Houve necessidade de auxiliá-los na seleção das cenas que seriam quadrinizadas,
pois alguns alunos demonstravam-se bastante inseguros.
Podemos afirmar que o resultado dessa etapa foi satisfatório. Observamos
que existem alunos que se expressam artisticamente com bastante facilidade, já
outros encontram dificuldades para se expressar através do desenho, e isso ,às
vezes, acaba prejudicando suas produções que envolvem texto verbal e não verbal.
Mas, de forma geral, todos se sentiram motivados e procuraram realizar as
atividades atendendo as situações de produção propostas pelo gênero.
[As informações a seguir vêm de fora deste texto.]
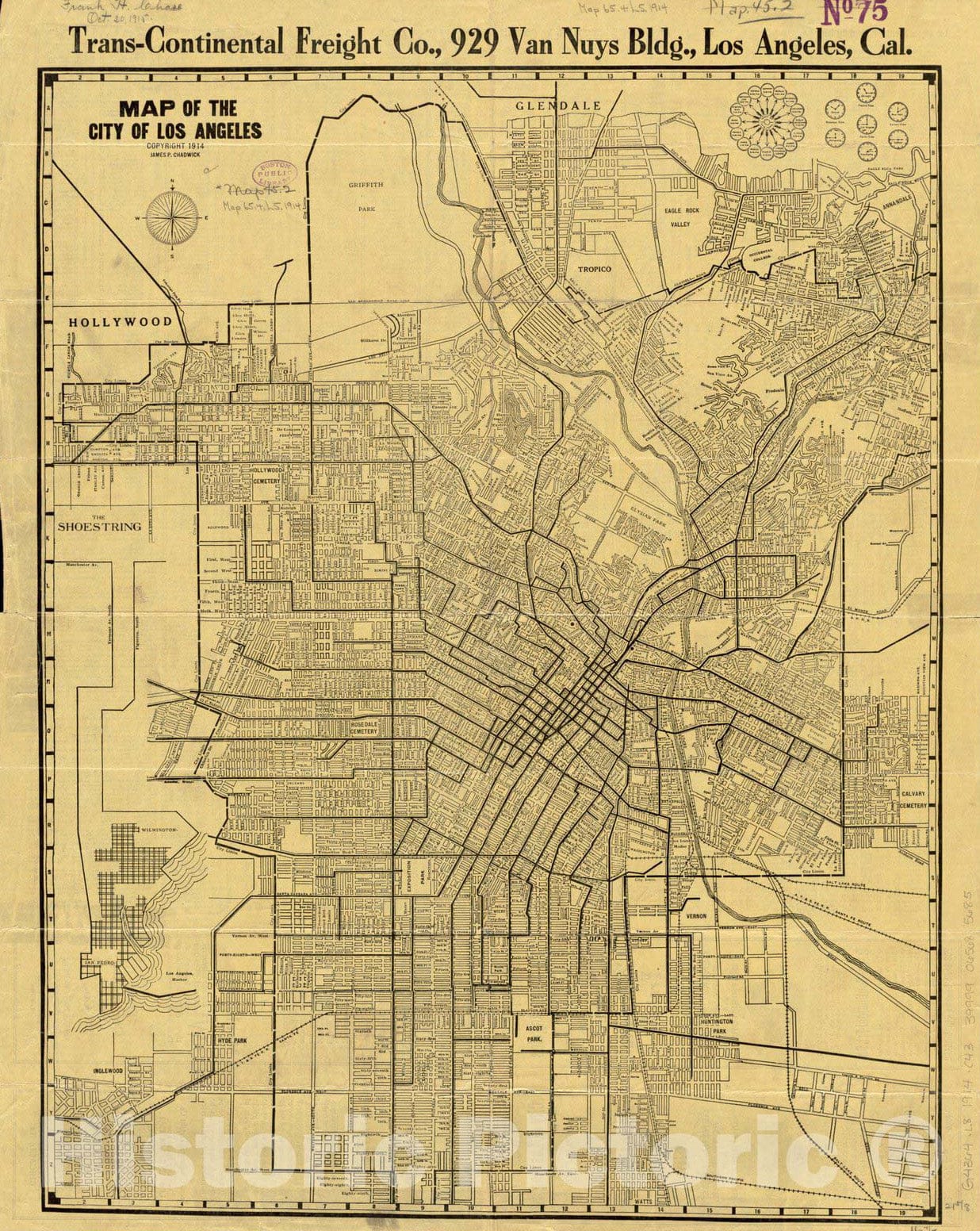 Historical Map, 1914 Map of the city of Los Angeles, Vintage Wall Art

As produções de textos realizadas nessa última etapa foram expostas na
escola, promovendo dessa forma a disseminação do trabalho.
4. Considerações finais
Entendemos que o domínio da leitura é uma necessidade básica de todos os
cidadãos que integram uma sociedade que passa por frequentes transformações.
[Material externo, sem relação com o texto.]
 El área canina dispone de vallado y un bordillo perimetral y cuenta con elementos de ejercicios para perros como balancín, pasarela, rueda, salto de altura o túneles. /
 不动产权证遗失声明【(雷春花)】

Além de constituir ferramenta básica para a efetivação do aprendizado escolar,
precisamos da leitura para nos comunicar e adquirir novos conhecimentos os quais
terão significância para a vida e para o desempenho do nosso trabalho.
Diante desses argumentos, procuramos através das atividades descritas
neste documento, enfatizar nos alunos a importância da leitura no contexto escolar e
social. Percebemos, então que a maioria de nossos alunos tem consciência de que
a leitura crítica e reflexiva é prática indispensável para o desenvolvimento das
atividades escolares, bem como para o exercício da cidadania, mas mesmo assim,
vários alunos apresentam certo desinteresse em praticá-la, seja para aquisição de
novos conhecimentos ou como simples entretenimento. Esse desinteresse acaba
gerando enorme defasagem no ensino e aprendizagem, pois a leitura, para esses
alunos limita-se somente as atividades escolares e não como constante prática
social capaz de contribuir significativamente para o aprendizado de forma geral.
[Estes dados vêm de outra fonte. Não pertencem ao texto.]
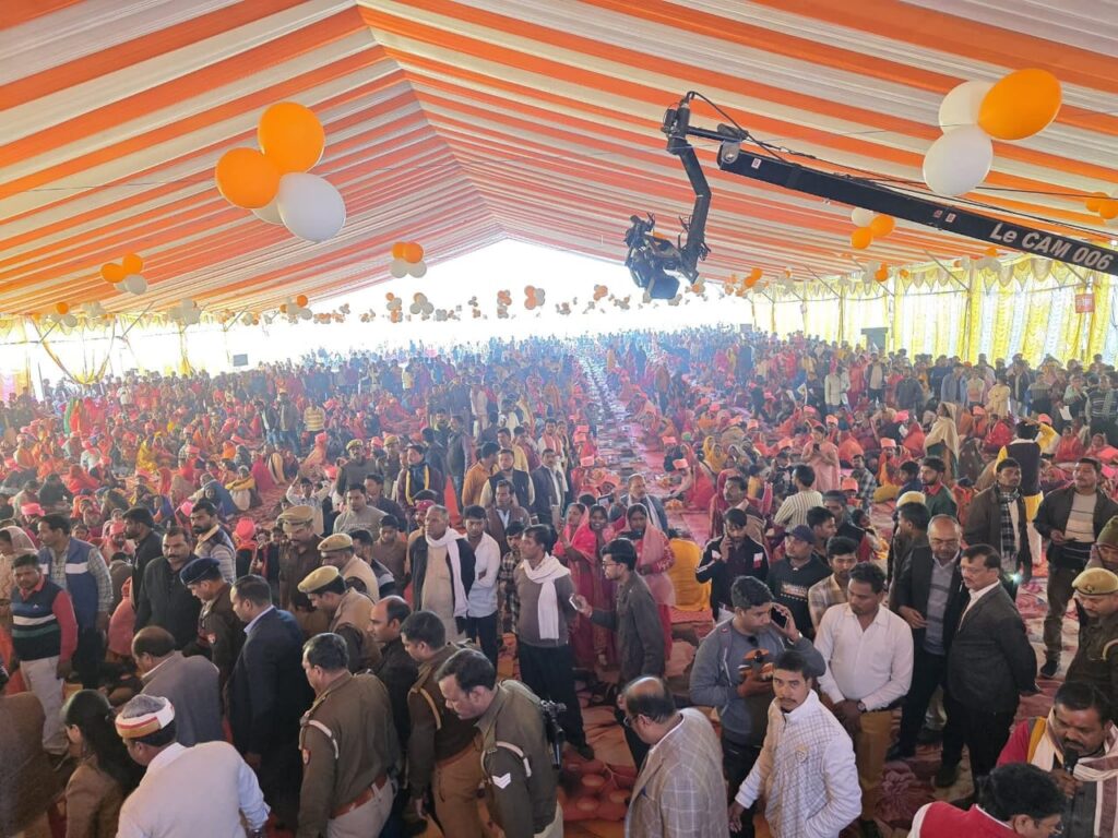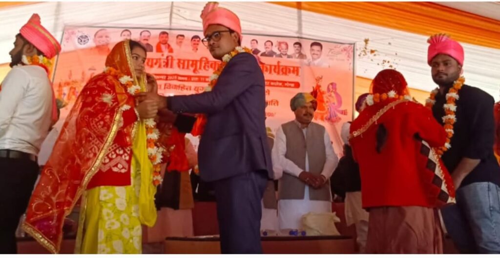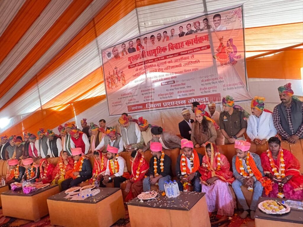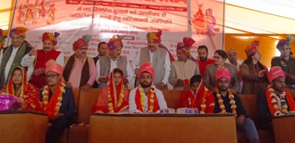 कार्यक्रम में जनपद के सभी ब्लॉकों व नगर पालिका परिषद/नगर पंचायतो को मिलाकर कुल 511 जोड़े पंजीकृत थे। इसमें से 395 जोड़ों का विवाह पूरी रीती रिवाज के साथ संपन्न कराया गया । इसमें 62 जोड़ों का इस्लामी पद्धति से निकाह कराया गया। कार्यक्रम के मुख्य अतिथि मंत्री कारागार उत्तर प्रदेश सरकार /जनपद के प्रभारी मंत्री दारा सिंह चौहान रहे । विधायक मनकापुर ,विधायक गौरा ,विधायक तरबगंज ,डीएम प्रियंका निरंजन,सीडीओ अंकिता जैन तथा सांसद गोंडा /केंद्रीय विदेश राज्यमंत्री प्रतिनिधि रमाशंकर मिश्र ने विवाह मंडप पर बैठे जोड़ों को आशीर्वाद देते हुए वैवाहिक जीवन की शुभकामनाएं दी। कार्यक्रम के दौरान मुख्य अतिथि ने कहा कि हमारी सरकार में किसी भी गरीब की बेटी के हाथ पीले होने से नहीं बचेंगे,वो चाहे किसी जाति व धर्म की हो। सामूहिक विवाह हेतु हमारी सरकार रु60000/-प्रति जोड़े के दंपतियों के खाते में दिया जाता है। शेष उपहार सामग्री दी जाती है। इसमें चांदी की पायल, बिछिया ,स्टील का डिनर सेट, 5 लीटर का प्रेशर कुकर, कन्या हेतु दो जोड़े कपड़े,वर हेतु एक जोड़ा कपड़ा। दीवाल घड़ी, सौंदर्य प्रशासन किट,आदि गृहस्थी का सामान सम्मिलित होता है। कार्यक्रम में उप जिलाधिकारी सदर गोंडा एके गुप्ता, नगर मजिस्ट्रेट पंकज वर्मा, जिला समाज कल्याण अधिकारी एसपी सिंह ,खंड विकास अधिकारी सहित अन्य सभी संबंधी अधिकारी उपस्थित रहे। एमडी न्यूज ब्यूरों गोंडा अजीत यादव

Frente a essa realidade, é necessário proporcionarmos práticas pedagógicas
que permitam que esses alunos entendam que o domínio da competência linguística
possibilita ao educando uma inserção social mais produtiva no sentido de poder
formular seu próprio discurso e interferir na sociedade em que estão inseridos.
(DCE’S, 2008, p. 53.)
Enquanto professores, cabe-nos criar condições para que o hábito
permanente da leitura se efetive em nossos alunos. Para que isso aconteça
devemos proporcionar oportunidades para que os educandos não somente
acreditem que a leitura é importante para o exercício da cidadania, mas para que
dela se apropriem como forma de acesso a uma sociedade em que se faz
necessário o multiletramento.
Assim sendo, podemos afirmar que os objetivos propostos no Projeto
Histórias em Quadrinhos: despertando o prazer da leitura, foram alcançados com
êxito.
Durante o desenvolvimento das atividades procuramos estimular o hábito da
leitura explorando o universo mágico das HQ’s. Foram desenvolvidas várias
atividades todas envolvendo, além da leitura que é nosso principal objetivo, a prática
da oralidade e da escrita, conforme nos orienta as DCE’s
As atividades sugeridas tiveram boa aceitação por parte dos alunos, pois
todas contemplaram as HQ’s, como elemento norteador. Observamos que quando
atrelamos outras atividades, além da leitura por prazer, a este gênero, podemos
alcançar resultados surpreendentes.
No decorrer das atividades, procuramos incentivar a expressão espontânea,
estimular a fluência de ideias, promover o respeito mútuo e a participação ativa dos
alunos em todas as situações propostas seja individual ou em grupo.
A criação do mascote Gibizito contribuiu para o êxito do trabalho. Sua
performance simples fez com quem todos os alunos o desenhassem com facilidade,
tornando assim as atividades mais prazerosas e produtivas.
O tempo de 20 horas-aula previsto para a execução das atividades não foi
suficiente devido a complexidade e a expansão de algumas atividades.
No que se refere a avaliação, consideramos que se trata de um processo
contínuo e que se deve respeitar a subjetividade de cada aluno. Assim sendo,
procuramos analisar continuamente o efetivo rendimento dos alunos, do início ao
término da realização das atividades.
Dessa forma consideramos o nível de compreensão leitora e das demais
práticas desenvolvidas pelos alunos em todas as atividades propostas sempre
visando o desenvolvimento do hábito da leitura e a aprimoração do leitor crítico.